Ethika Politika - Thomas Storck - published on 12/08/13

The fact that there is a need to clarify the points in the Pope's recent Apostolic Exhortation is testimony to the ignorance of most commentators on Catholic social teaching.

As was to be expected, in the sadly politicized state of American Catholicism, most commentators have concentrated on what the Holy Father said about the economy and economic policy.  Is Pope Francis a closet liberation theologian?  Or, on the other hand, did he learn from the loudly-trumpeted change of heart in favor of free-market economics that John Paul II is said to have experienced?

Though there is much that could be said about Evangelii Gaudium as a whole, and about the sections that deal with economics, I want to concentrate on one point only; that there is a need to do so highlights the profound ignorance of most of those who opine about the Church’s social doctrine as to what the popes in their social teaching have actually said.  When people can express surprise or alarm or feel the need to explain away various of Francis’ statements, a student of the social encyclicals is tempted to throw up his hands in frustration.  That more Catholics do not realize that Francis’ criticisms of market economics are actually very mild by historical standards is an example of that profound loss of Catholic memory that has afflicted the Church since Vatican II.  The radicalism of Catholic social teaching has been forgotten along with so much else of our heritage.  Even Pope Francis felt compelled to make this point, should “anyone feel offended by my words” (#208). As we will see by the tone of their statements, some of his predecessors did not have so much solicitude for the easily hurt feelings of the defenders of “the absolute autonomy of markets.”

In order to highlight both the continuity of Francis’ teaching with that of earlier popes, as well as our present Holy Father’s comparative mildness of expression, I am going to set next to each other quotations from Evangelii Gaudium with those of earlier popes.  I hope it will be apparent that what Francis teaches is entirely in line with the teaching of his predecessors.


Pope Francis, Evangelii Gaudium, #53:

“Today everything comes under the laws of competition and the survival of the fittest, where the powerful feed upon the powerless.”


Leo XIII, Rerum Novarum, #3:

“Hence by degrees it has come to pass that Working Men have been given over, isolated and defenseless, to the callousness of employers and the greed of unrestrained competition.”


Leo XIII, Rerum Novarum, #47:

“On the one side there is the party which holds the power because it holds the wealth; which has in its grasp all labor and all trade; which manipulates for its own benefit and its own purposes all the sources of supply, and which is powerfully represented in the councils of the State itself.

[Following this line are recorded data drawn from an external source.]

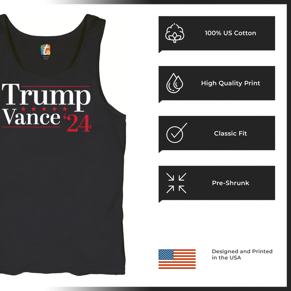 Support Trump-Vance 2024 with this bold design featuring the "Make America Great Again" slogan and the American flag. Perfect for rallies and conservative events.
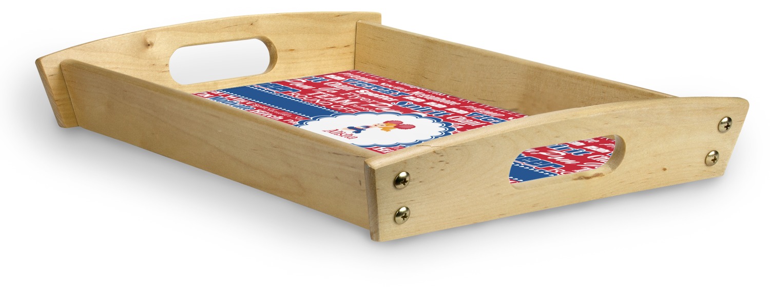 This serving tray with handles features square edges and two rounded sides, creating a very modern look. Each side is fabricated from a beautifully cut, natural wood. The bottom of the interior of the tray displays your customized design in bright, vibrant color. The tray is sold in both a black color and a natural wood look. Each variation of the wood serving tray has two sizes: Small, which is 14" x 10" x 2.25", and Large, which is 19.5" x 13.5" x 2.75".
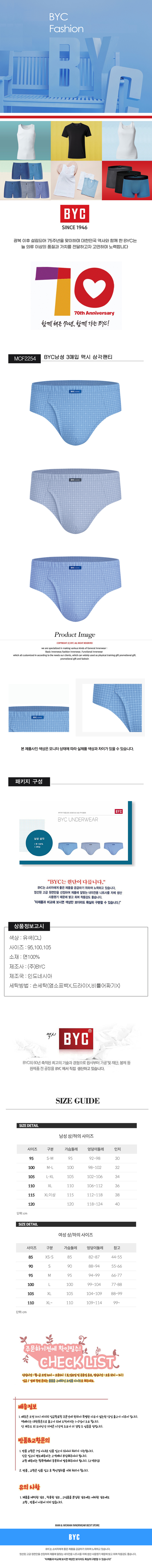 BYC남성 3매입 맥시 삼각팬티 F2254
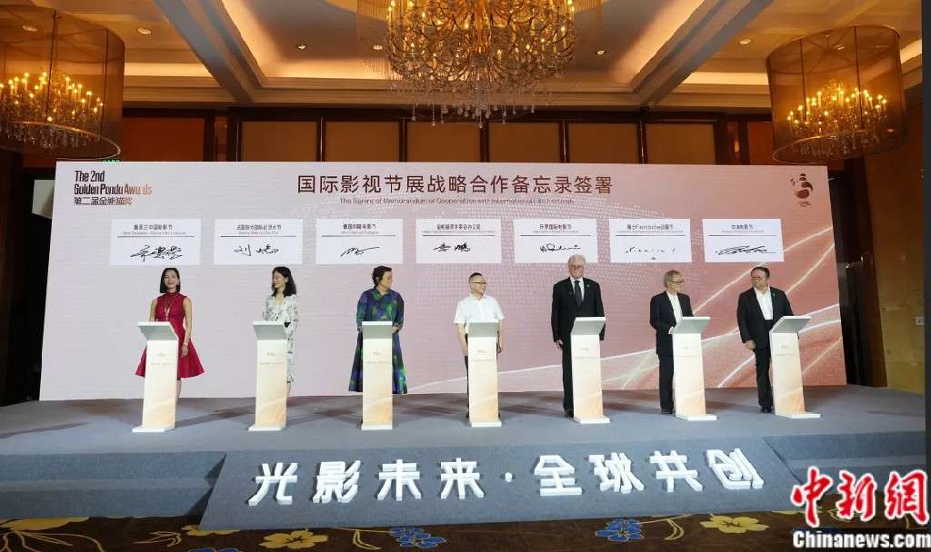 ▲2025年9月11日,“熊猫带你看世界”影视项目发布活动在四川成都举行。图为国际影视节展战略合作备忘录签署仪式。中新社记者 安源 摄

On the other side there is the needy and powerless multitude, sore and suffering, always ready for disturbance.”


Pope Francis, Evangelii Gaudium, #54:

“In this context, some people continue to defend trickle-down theories which assume that economic growth, encouraged by a free market, will inevitably succeed in bringing about greater justice and inclusiveness in the world.  This opinion, which has never been confirmed by the facts, expresses a crude and naive trust in the goodness of those wielding economic power and in the sacralized workings of the prevailing economic system.”

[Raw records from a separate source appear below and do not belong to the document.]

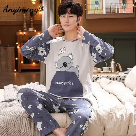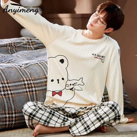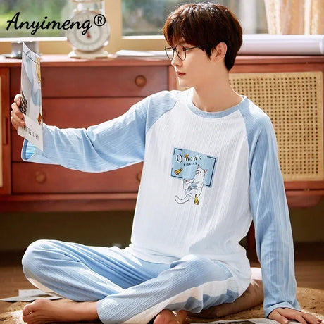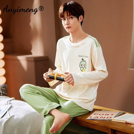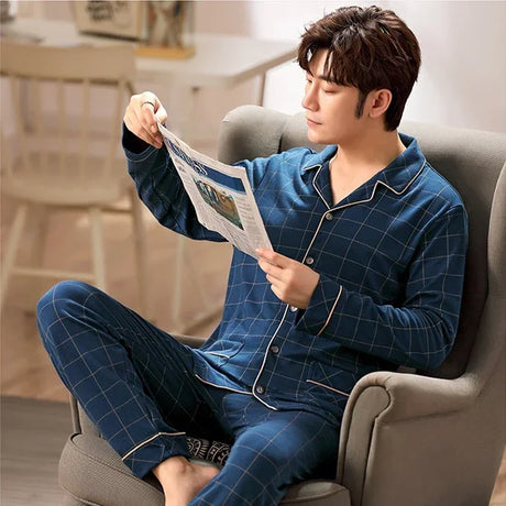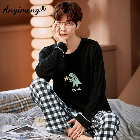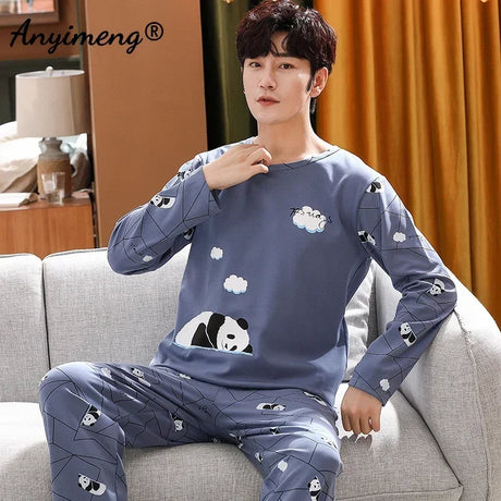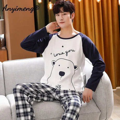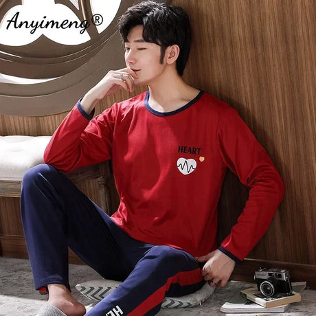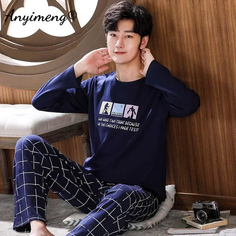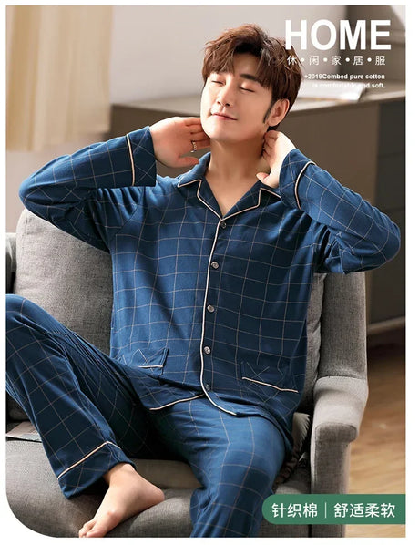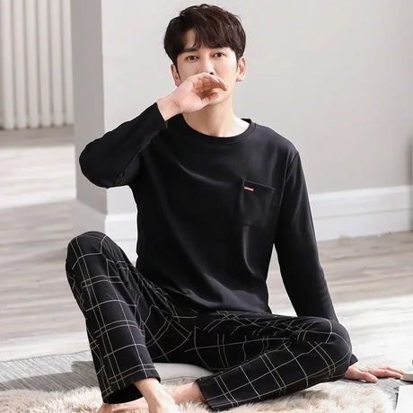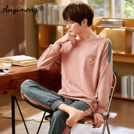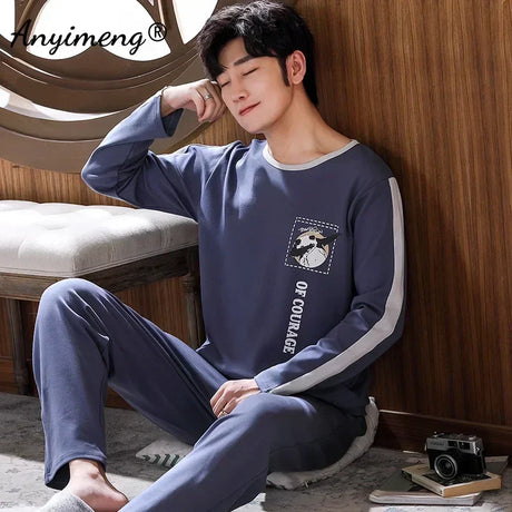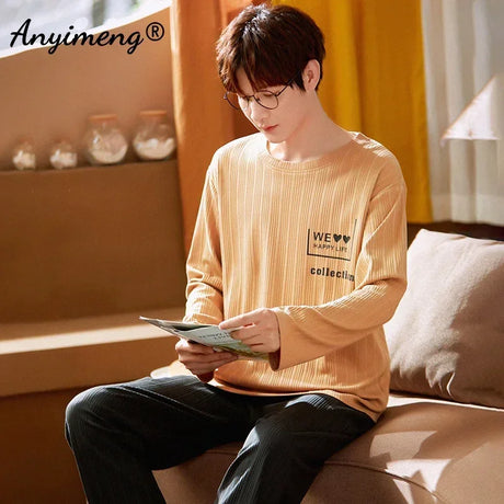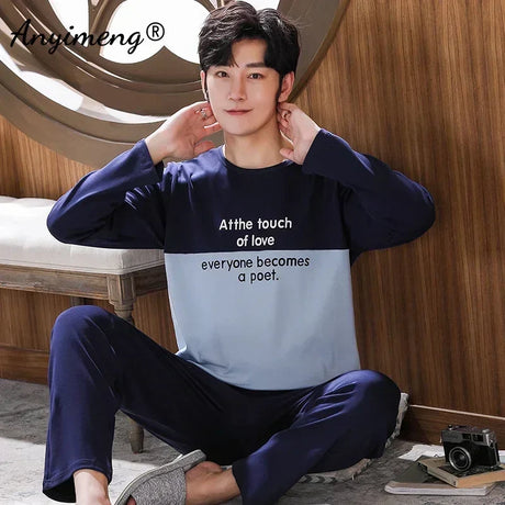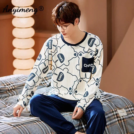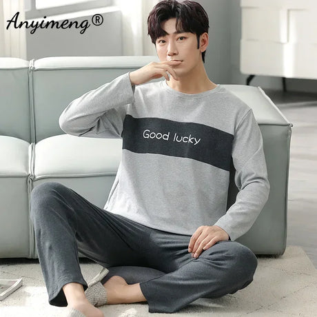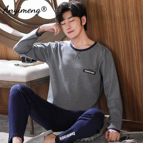 2024 Men's Pajama Sets Simple Sleepwear Long Sleeve
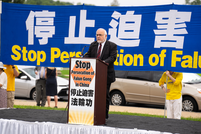 美国国际宗教自由委员会(USCIRF)主席亚伯拉罕·库珀(Abraham Cooper)在集会中谴责中共对法轮功系统、持续且异常恶劣的镇压。
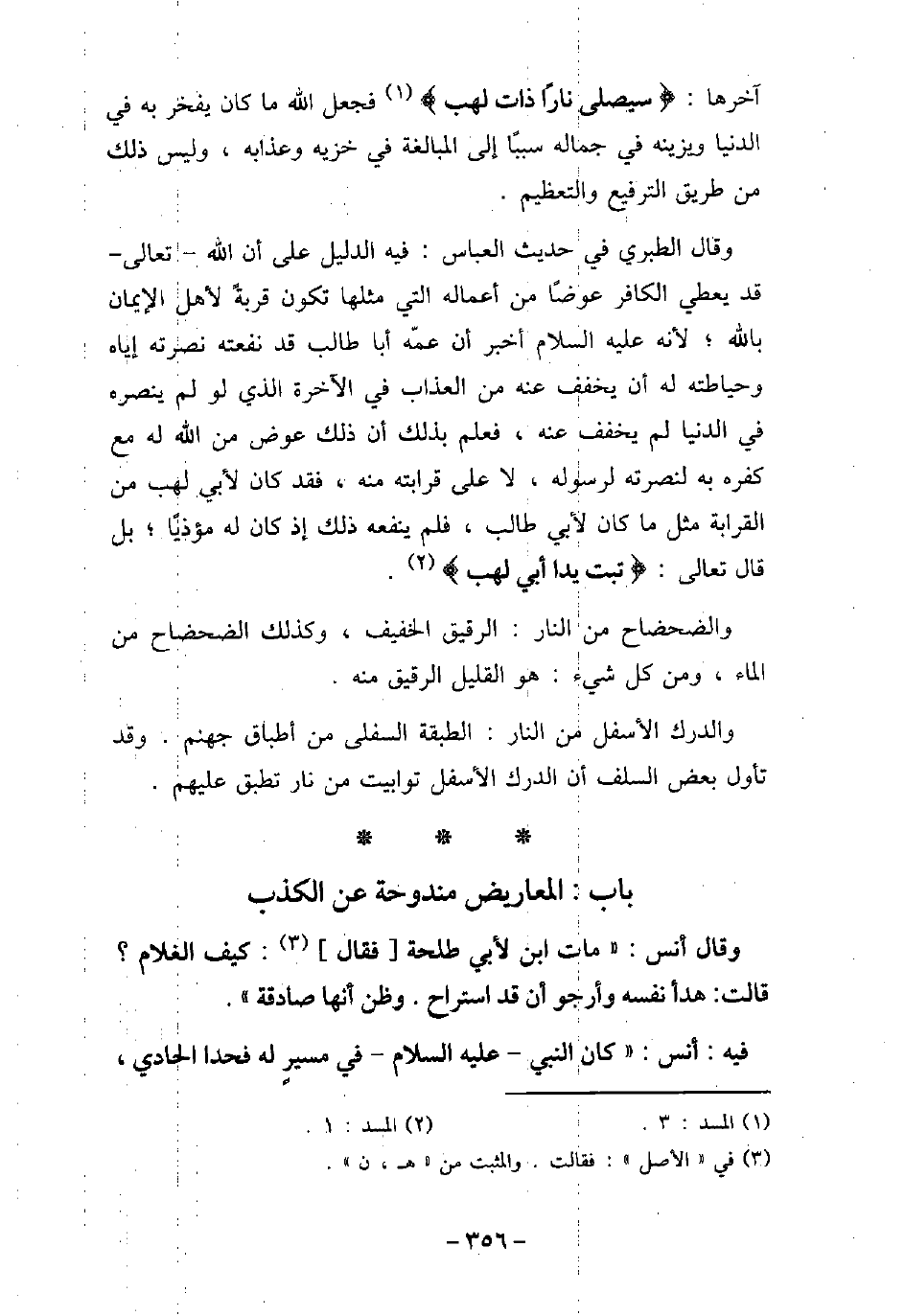 (سيصلى نارًا ذات لهب) فجعل الله ماكان يفخر به فى الدنيا ويوينه فى جماله سببًا إلى المبالغة فى خزيه وعذابه، وليس ذلك من طريق الترفيع والتعظيم. وقال الطبرى فى حديث العباس: فيه الدليل على أن الله تعالى قد يعطى الكافر عوضًا من أعماله التى مثلها تكون قربة لأهل الإيمان بالله؛ لأنه عليه السلام أخبر أن عمه أبا طالب قد نفعته نصرته إياه وحياطته له أن يخفف عنه من العذاب فى الآخرة الذى لو لم ينصره فى الدنيا لم يخفف عنه، فعلم بذلك أن ذلك عوض من الله له مع كفره به لنصرته لرسوله، لا على قرابته منه، فقد كان لأبى لهب من القرابة مثل ماكان لأبى طالب، فلم ينفعه ذلك إذ كان له مؤذيا؛ بل قال تعالى: (تبت يدا أبى لهب) . والضحضاح من النار: الرقيق الخفيف، وكذلك الضحضاح من الماء، ومن كل شىء: هو القليل الرقيق منه. والدرك الأسفل من النار: الطبقة السفلى من أطباق جهنم. وقد تأول بعض السلف أن الدرك الأسفل توابيت من نار تطبق عليهم.

Pope Francis, Evangelii Gaudium, #56:

“While the earnings of a minority are growing exponentially, so too is the gap separating the majority from the prosperity enjoyed by those happy few.  This imbalance is the result of ideologies which defend the absolute autonomy of the marketplace and financial speculation.  Consequently, they reject the right of states, charged with vigilance for the common good, to exercise any form of control…  In this system, which tends to devour everything which stands in the way of increased profits, whatever is fragile, like the environment, is defenseless before the interests of a deified market, which becomes the only rule.”


Pope Francis, Evangelii Gaudium, #202:

“As long as the problems of the poor are not radically resolved by rejecting the absolute autonomy of markets and financial speculation and by attacking the structural causes of inequality, no solution will be found for the world’s problems….”


Pope Francis, Evangelii Gaudium, #204:

“We can no longer trust in the unseen forces and the invisible hand of the market.”


Pius XI, Quadragesimo Anno, #88:

“Just as the unity of human society cannot be built upon “class” conflict, so the proper ordering of economic affairs cannot be left to the free play of rugged competition.  From this source, as from a polluted spring, have proceeded all the errors of the ‘individualistic’ school.  This school, forgetful or ignorant of the social and moral aspects of economic activities, regarded these as completely free and immune from any intervention by public authority, for they would have in the market place and in unregulated competition a principle of self-direction more suitable for guiding them than any created intellect which might intervene.  Free competition, however, though justified and quite useful within certain limits, cannot be an adequate controlling principle in economic affairs.  This has been abundantly proved by the consequences that have followed from the free rein given to these dangerous individualistic ideas.”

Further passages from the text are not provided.